Kinetic models discrimination for the high pressure WGS reaction over a commercial CoMo catalyst

A mechanistic kinetic model has been study to describe the bench scale water-gas shift reaction over a commercial presulfided CoMo catalyst using an industrial coal-derived gas feed. A rigorous kinetic network has been considered on the basis of formate, associative and direct oxidation mechanisms. Kinetic models were derived by using LHHW formalism and steady-state approximation for reaction intermediates. Kinetic parameters were estimated by nonlinear regression of the experimental data using the Marquardt–Levenberg algorithm. The WGS kinetic data were measured by experiments over a wide range of reaction conditions and comparisons for various rate equations were also established. A preliminary discrimination resulted in the necessity of rewrite models as a unique parameter models. The model based on direct oxidation mechanism successfully predicted the CO2 formation within the range of experimental conditions (high pressure and temperature).

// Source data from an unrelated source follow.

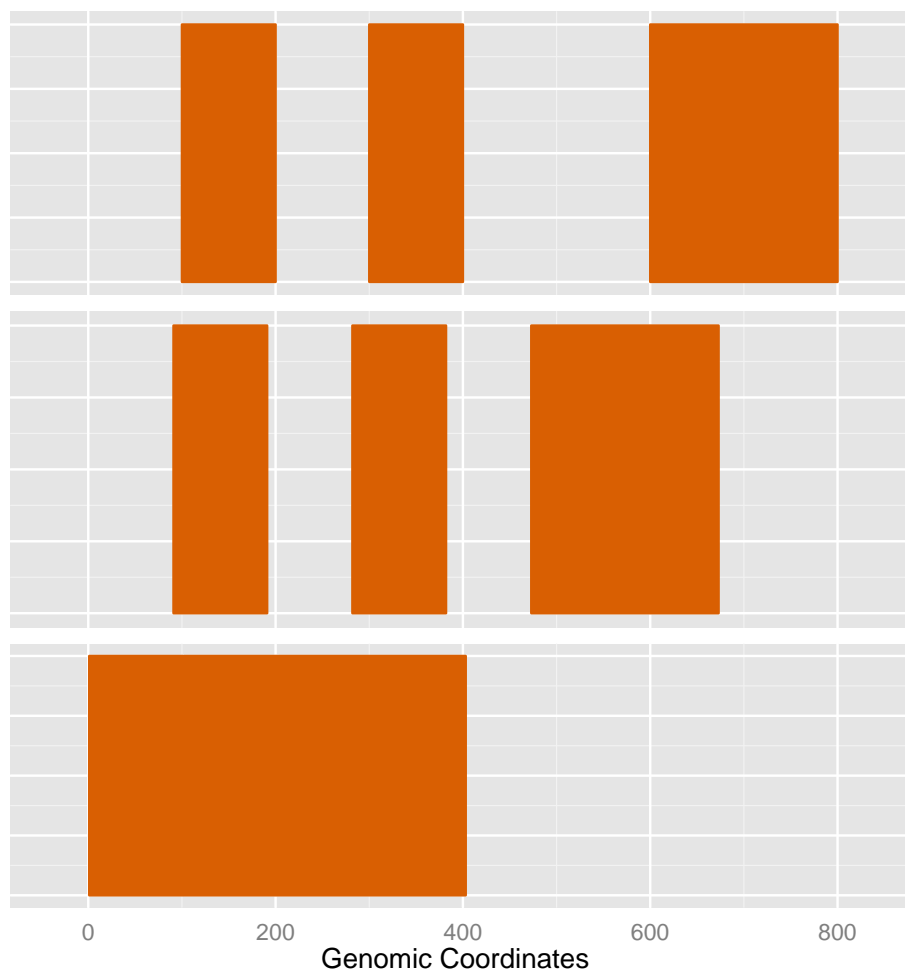
Figure 5: Shrink single GRanges. The first track is original GRanges, the second one use a ratio which shrink the GRanges a little bit, and default is to remove all gaps shown as the third track
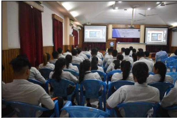
Day 2 Participants
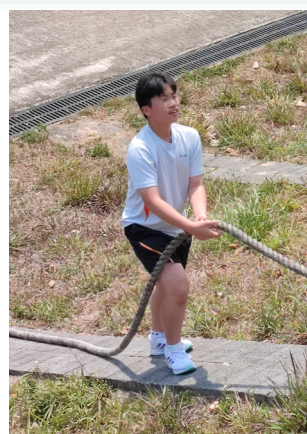
Climbing the slope is not easy!
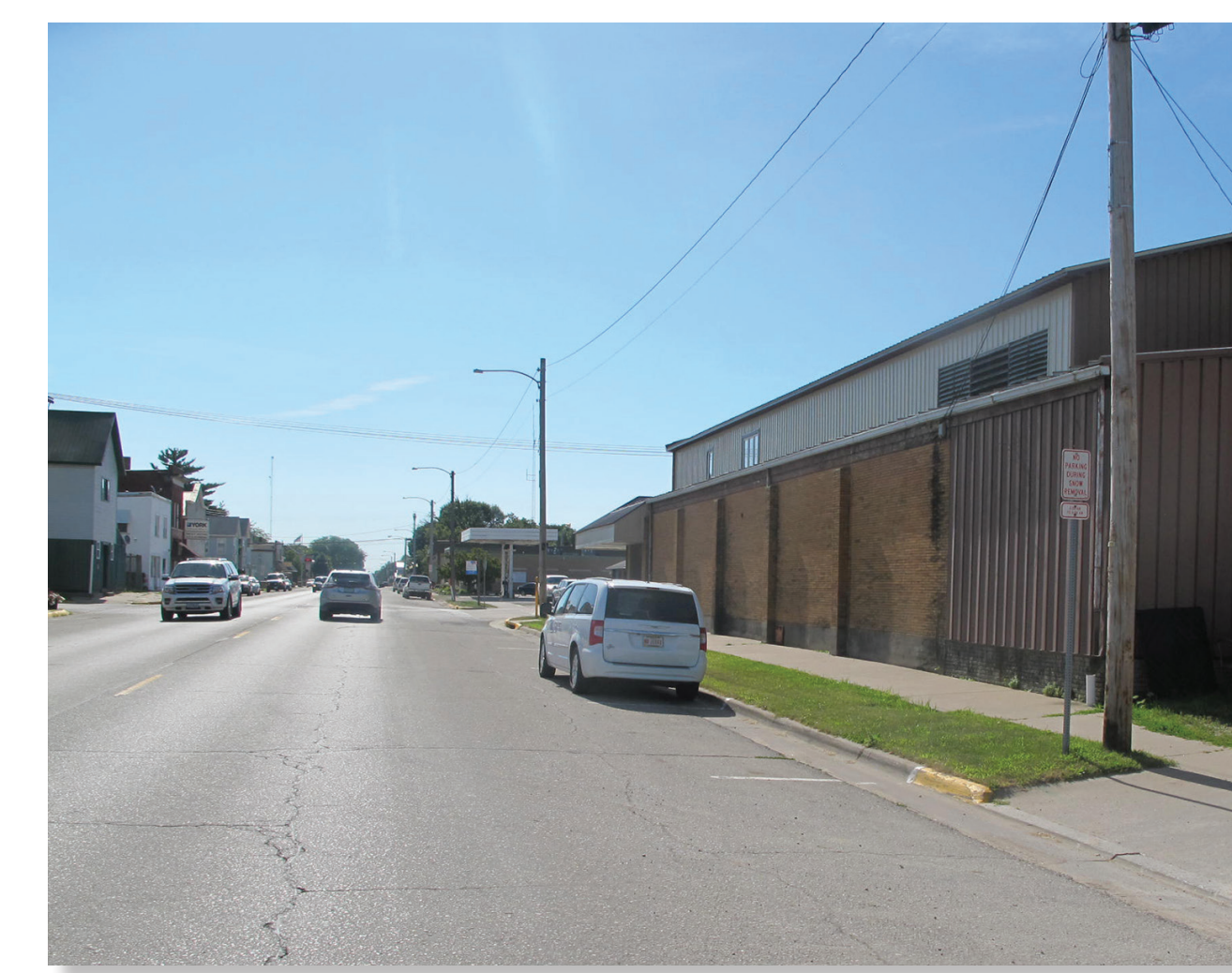
Existing photo taken from 5th St., west of 6th Ave. looking southeast
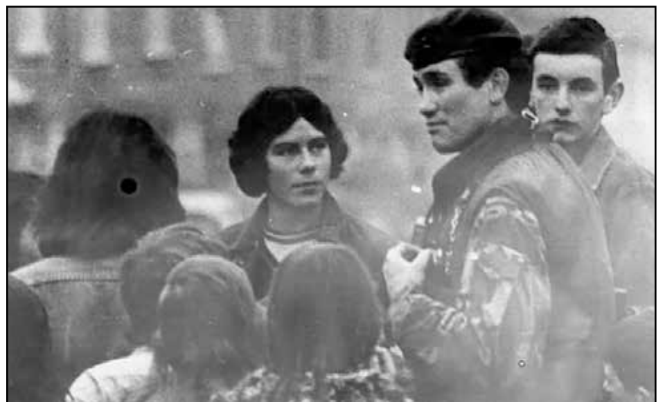
Capt Nairac pictured in Belfast's Ardoyne district in 1977

The Independent Commission for the Location of Victims' Remains (ICLVR), which has located the remains of a number of the "disappeared", said it would be its first
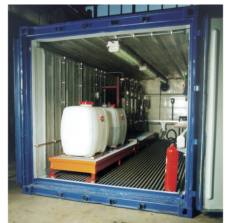
Mobile pertraction pilot plant ARKA

the waste water and the extractant. In the pertraction process, therefore, the extractant is not added directly to the waste water, as in a conventional extraction process. This offers important advantages over conventional extraction. It means that the often difficult and time
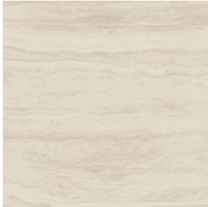
WBT01 ▶ Travertine White
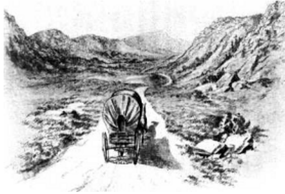
On the Long Trail.
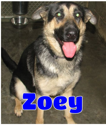
#3594 Zoey German Shepherd Dog Female

"Hi. My name is Zoey and I'm a beautiful german shepherd girl who is looking for a new home. My owner was elderly and couldn't take care of me anymore, so I'm hoping to find a young family to adopt me."
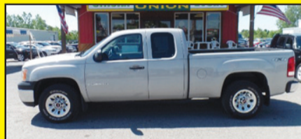
2008 GMC SIERRA 4x4. Stk. #7441 $16,495
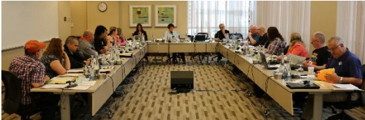
(Members of the Atlantic Regional Council)

At the 2014 Regional Convention, the membership elected a dedicated group of leader-activists to the Atlantic Council. Following their election, Directors received social media training and many have become the voice of the union in their regions. They also received safe space training which is aimed at increasing the visibility of supportive people and positive spaces for the GLBT community.
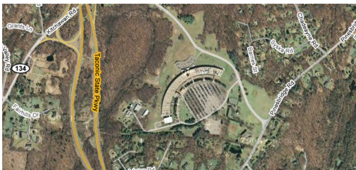
IBM T. J. Watson research, Yorktown Heights, místo pořádání konference

Konference se koná v centrálním výzkumném centru IBM Watson Research asi 40km severně od Manhattanu. Tento největší komerční výzkumný ústav na světě je mimo jiné známý tím, že je zde instalován nevykonnější superpočítač světa, IBM Blue Gene/L s výkonem 370Tflops. Účastnický poplatek činí pouze US$ 200. Průměrný počet účastníků konference 2500.
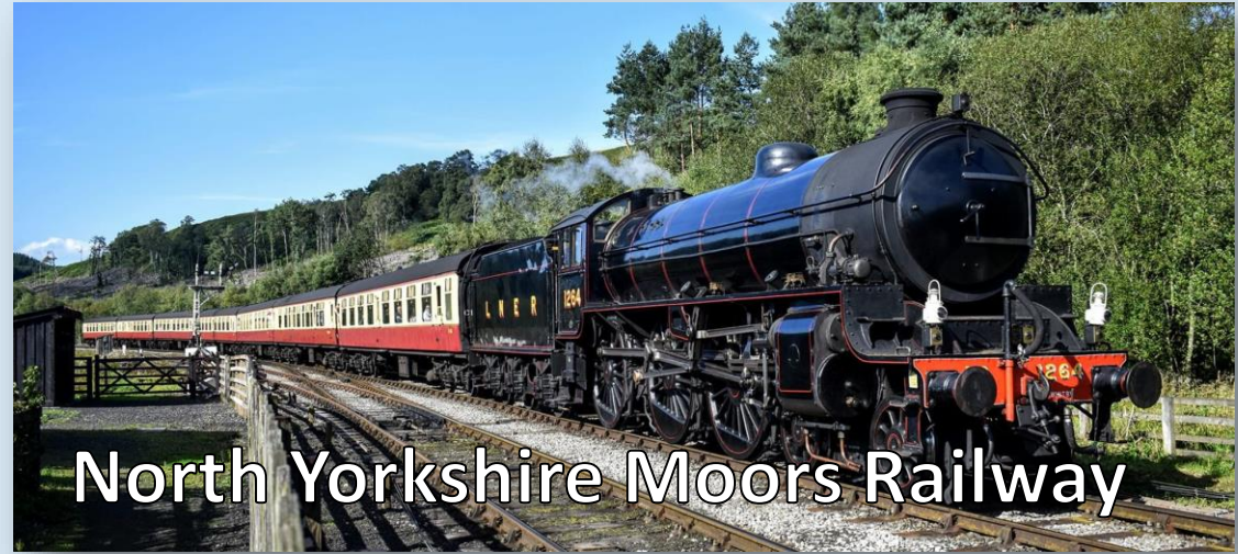
North Yorkshire Moors Railway
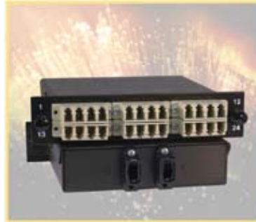
Model 6012 Two 12-Fiber MTP/MPO male inputs break-out to 24 LC male outputs. (24 Simplex or 12 Duplex)
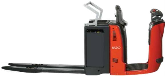
1159 Series 2.0 Ton - 2.4 Ton Stand On Travel Speed: 12km/hr
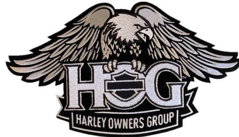
HOG Logo Available in Full Color and Silver Small $6.00 Large $15.00
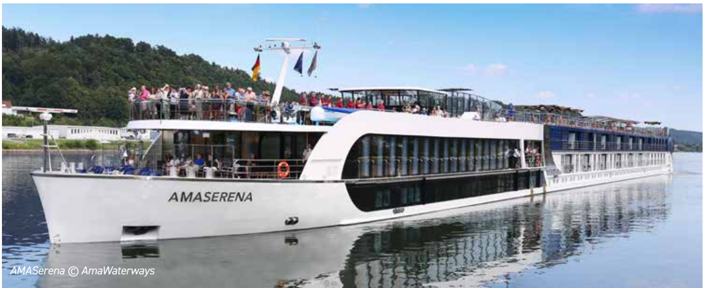
AMASerena

AIRLINE RESPONSIBILITY: Any air carrier providing transportation in connection with these tours is not to be held responsible for any act, omission or event during the time the passenger is not on board its planes. The passenger contract in use by the airlines concerned, when issued, shall constitute the sole contract between the airline and the purchase of these tours and/or passenger. Similar responsibility as noted applies to all types of carriers, including car rental companies.
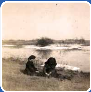
THIS PHOTO SHOWS THE SIMPLE KINDNESS OF ONE CHILD HELPING ANOTHER WITH A BOOT OR SHOE. TAKEN NEAR THE BARTON FARM NEAR FLORAL, SK

DATE: BEFORE 1940.
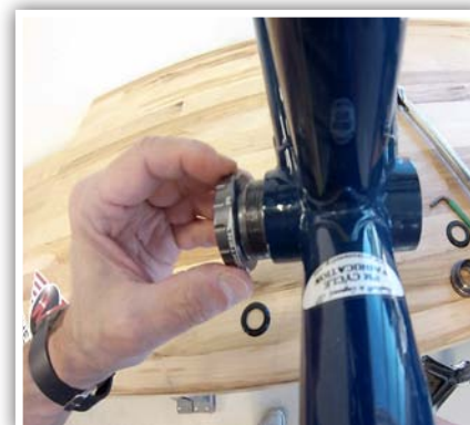
3. Insert drive side cup and center sleeve into frame.
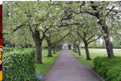
f) a park
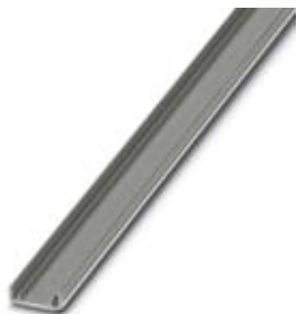
Profile, self-adhesive, 1000 mm long, for accommodating UC and US materials, height: 15 mm

Please be informed that the data shown in this PDF Document is generated from our Online Catalog. Please find the complete data in the user's documentation. Our General Terms of Use for Downloads are valid ( http://phoenixcontact.com/download )
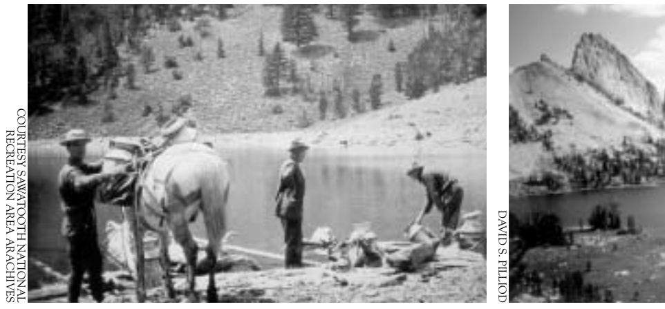
Stocking trout in Sawtooth National Forest, circa 1926.

In the United States, management of nonnative trout in headwater ecosystems often centers on issues related to management of national parks or the Wilderness Act and its policy and regulatory implications for land use (Duff 1995; Landres et al. 2001; Pister 2001; Wiley 2003). However, nonnative trout are not confined to wilderness areas, and limiting the discussion to such areas diverts attention from the critical biological implications of maintaining nonnative species in headwater systems in general. A growing body of evidence suggests nonnative trout can substantially change aquatic ecosystems wherever they are present
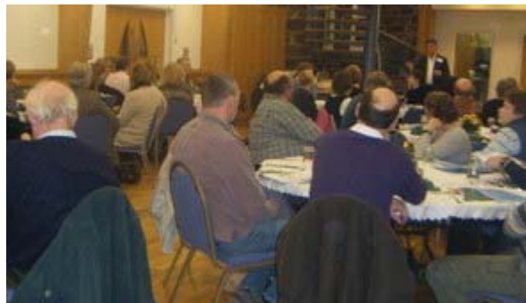
MiM Forum—February 2009
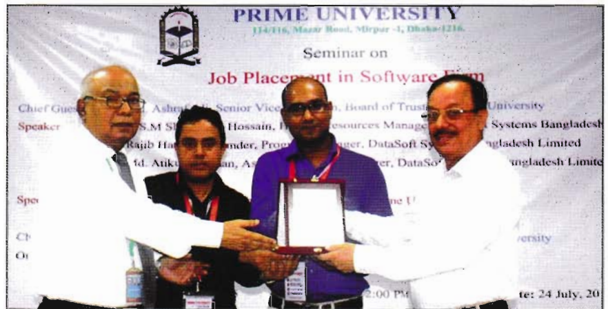
A glimpse of handing over of memento to the speakers
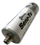
SENZTX Oxygen Transmitter
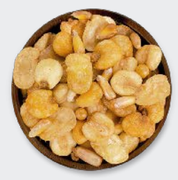
SEEDS Giant Corn, Chulpi Corn, Native Corn & Fava Beans (Broad Beans).
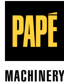
PM9 - HEADWEAR ONLY
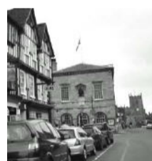
Harvard House The Garrick
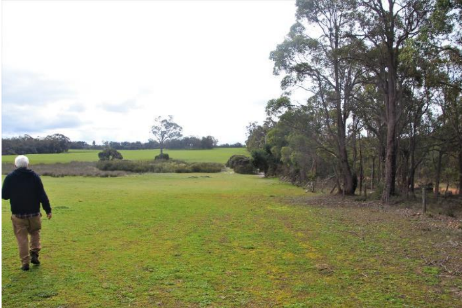
South east corner of the property
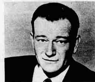
MOST OVERPAID STAR: John Wayne (Runner-up: Marilyn Monroe)
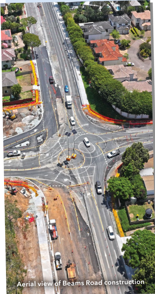
Aerial view of Beams Road construction

The Beams Road upgrade is jointly funded by our Better Roads for Brisbane program and the Australian Government.

WGS rate expressions based on the regenerative process (oxidation-reduction) with the assumption that CO2 desorption reaction can be regarded as the rate determining step were found to be the best.

► A mechanistic kinetic model to describe the high pressure bench scale water-gas shift reaction.
► A commercial sulfur-resistant CoMo catalyst and an industrial coal-derived gas feed.
► A rigorous kinetic network on the basis of formate, associative and direct oxidation mechanisms.
► Kinetic parameters estimated by nonlinear regression using the Marquardt–Levenberg algorithm.
► Direct oxidation mechanism successfully predicted the CO2 formation with the assumption that CO2 desorption reaction can be regarded as the rate determining step.